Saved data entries
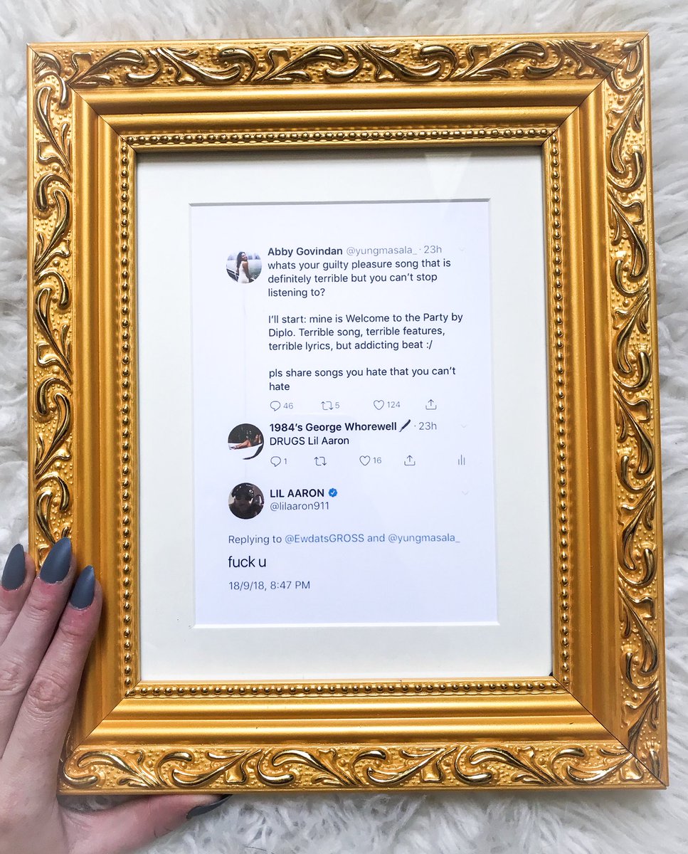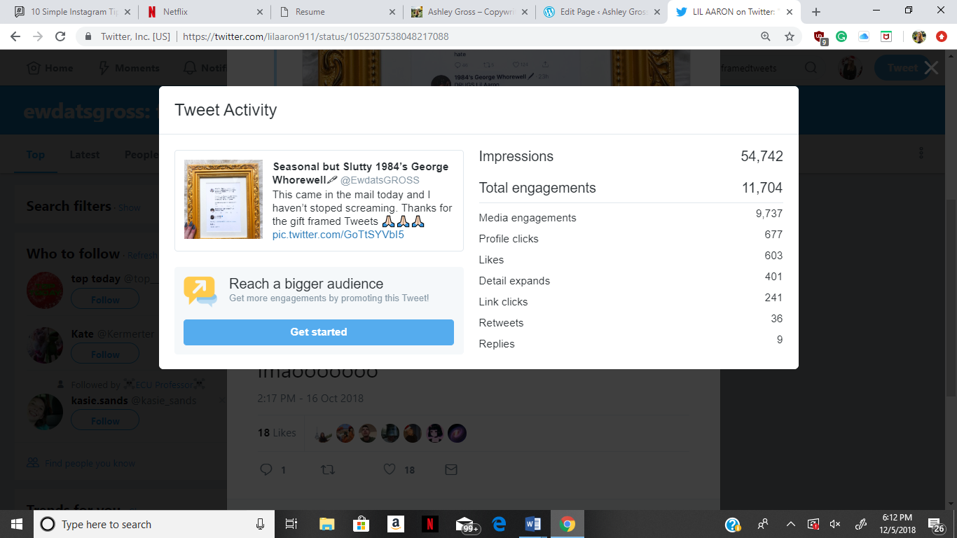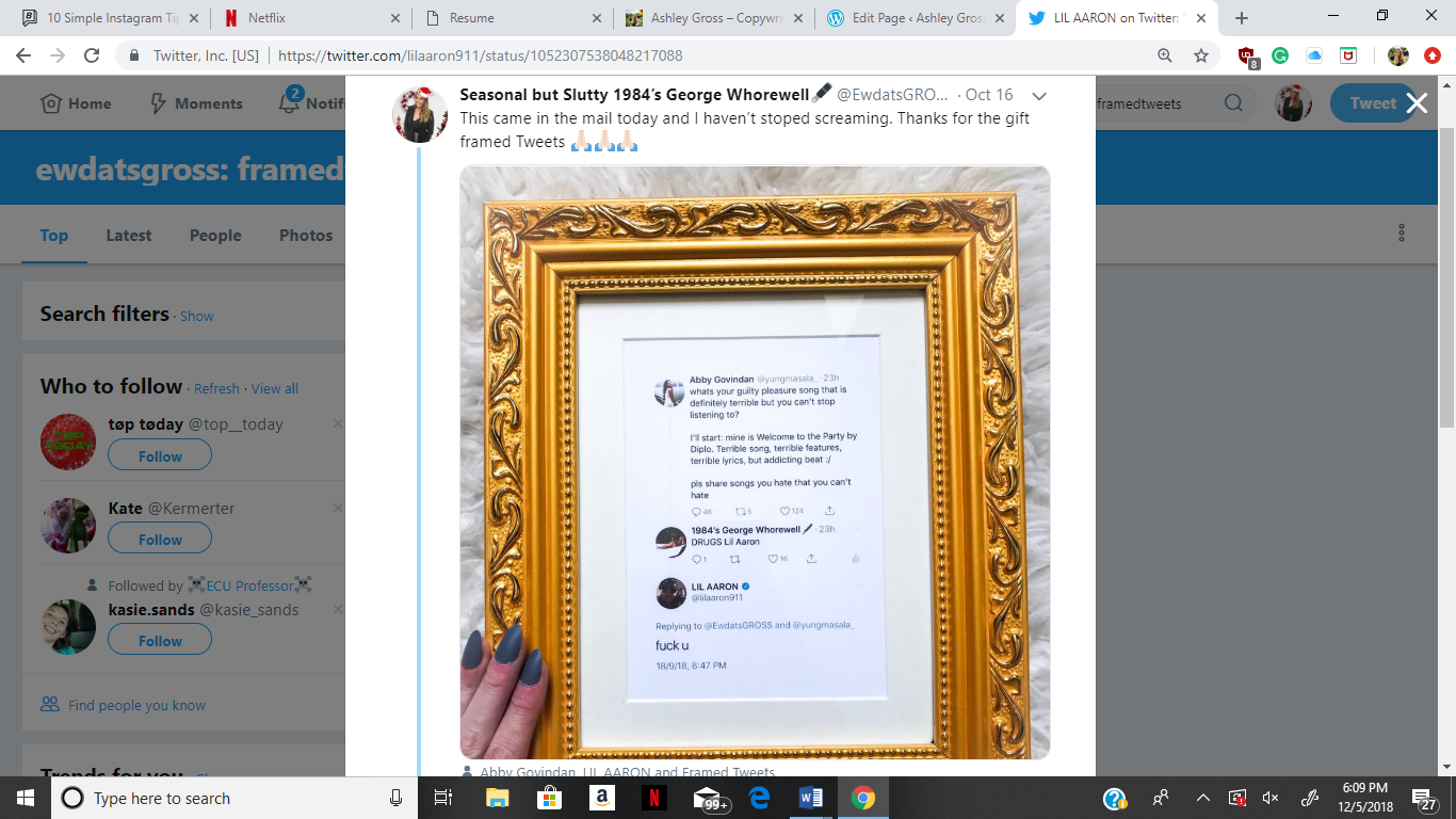 Popular online novelty service, Framed Tweets, asked to partner with me on their influencer marketing campaign. I was given a framed copy of one of my twitter interactions, which I then styled, photographed, and posted on my account, achieving nearly 55,000 impressions. I am also being considered for their program that involves my tweets being sold on mugs, stickers, pillows, and more.
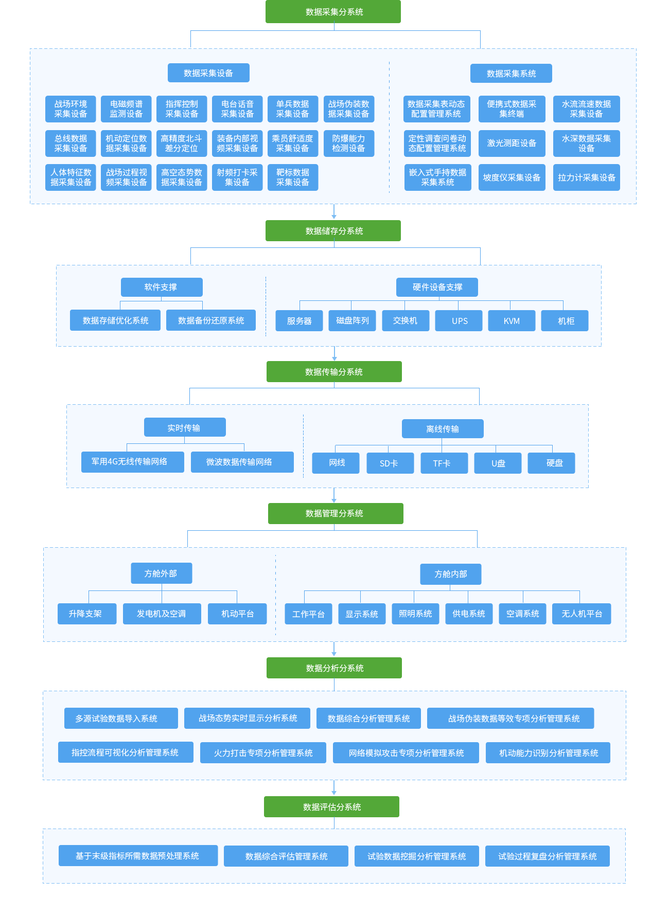 數據評估分系統主要包含基于末級指標所需數據預處理系統、數據綜合評估管理系統、試驗數據挖掘分析管理系統、試驗過程復盤分析管理系統等。能夠滿足裝備試驗評估指標體系可視化構建、歸一化算法綁定、權重分值設定、評估模型構建、試驗數據預處理以及評估計算等,支持生成裝備試驗評估報告并對評估結果進行多樣化分析以及對試驗數據進行深度挖掘、復盤分析管理。
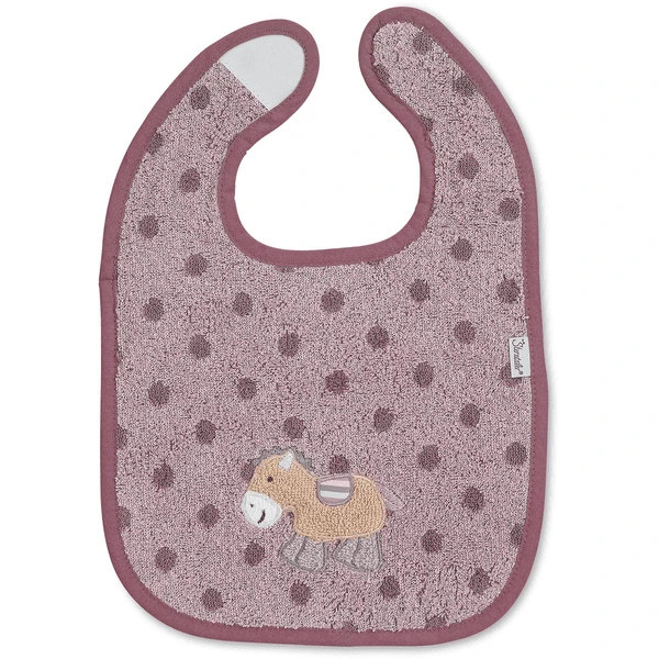 Het praktische klittenband slabbetje voor het gemakkelijk aan- en uitkleden. Gemaakt van zachte badstof kwaliteit met geappliqueerd borduurmotief Pony Pauline.
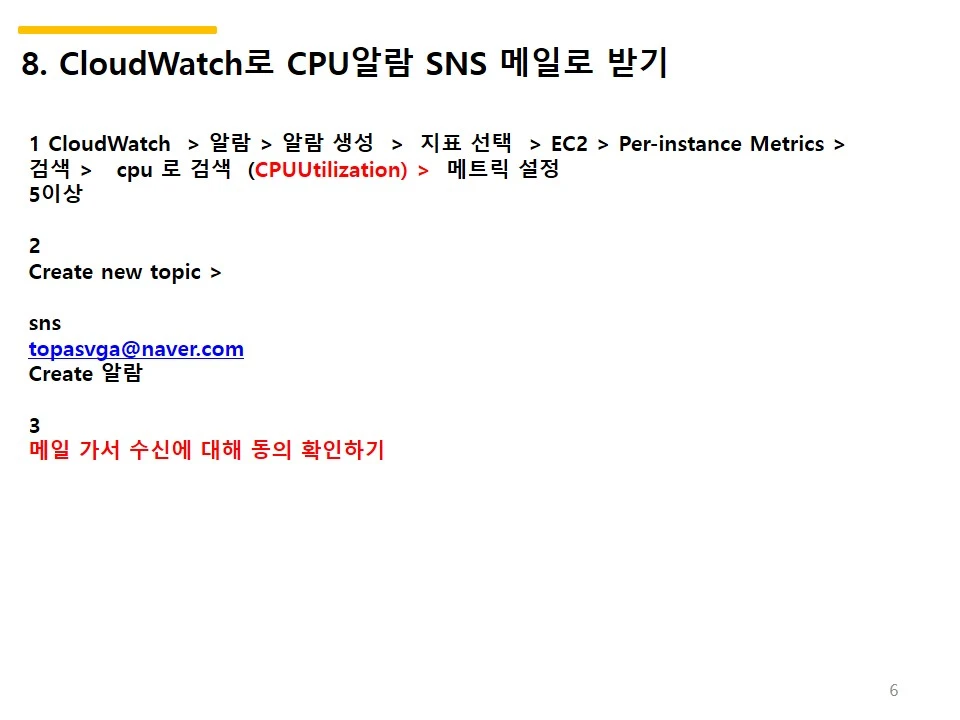 <2> CloudWatch로 CPU 알람 SNS 메일로 받기
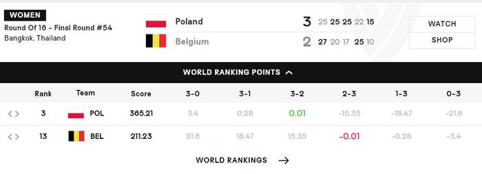 2025年女排世锦赛1/8决赛,比利时女排2-3不敌波兰女排无缘八强,五局比分:27-25、20-25、17-25、25-22、10-15。也就是说比利时女排是在大比分1-0领先的情况下被连扳两局,第四局涉险过关拖入决胜局,但决胜局呈现了一边倒的态势。
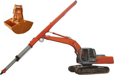 挖機的掘機加長臂的定義:加長臂是屬于挖掘機工作裝置的一組部件,是為了加長挖掘的分類:按其作業(yè)方式來分:拆樓加長臂、深坑加長臂、打樁加長臂等;按段數(shù)來分:二段式、三段式、四段式等; 按其性能來分:固定式、滑移式、伸縮式加長臂等;

— Assignment —
Extract the text of all the records above verbatim, excluding pictures.

— Answer section —
 Popular online novelty service, Framed Tweets, asked to partner with me on their influencer marketing campaign. I was given a framed copy of one of my twitter interactions, which I then styled, photographed, and posted on my account, achieving nearly 55,000 impressions. I am also being considered for their program that involves my tweets being sold on mugs, stickers, pillows, and more.
 數據評估分系統主要包含基于末級指標所需數據預處理系統、數據綜合評估管理系統、試驗數據挖掘分析管理系統、試驗過程復盤分析管理系統等。能夠滿足裝備試驗評估指標體系可視化構建、歸一化算法綁定、權重分值設定、評估模型構建、試驗數據預處理以及評估計算等,支持生成裝備試驗評估報告并對評估結果進行多樣化分析以及對試驗數據進行深度挖掘、復盤分析管理。
 Het praktische klittenband slabbetje voor het gemakkelijk aan- en uitkleden. Gemaakt van zachte badstof kwaliteit met geappliqueerd borduurmotief Pony Pauline.
 <2> CloudWatch로 CPU 알람 SNS 메일로 받기
 2025年女排世锦赛1/8决赛,比利时女排2-3不敌波兰女排无缘八强,五局比分:27-25、20-25、17-25、25-22、10-15。也就是说比利时女排是在大比分1-0领先的情况下被连扳两局,第四局涉险过关拖入决胜局,但决胜局呈现了一边倒的态势。
 挖機的掘機加長臂的定義:加長臂是屬于挖掘機工作裝置的一組部件,是為了加長挖掘的分類:按其作業(yè)方式來分:拆樓加長臂、深坑加長臂、打樁加長臂等;按段數(shù)來分:二段式、三段式、四段式等; 按其性能來分:固定式、滑移式、伸縮式加長臂等;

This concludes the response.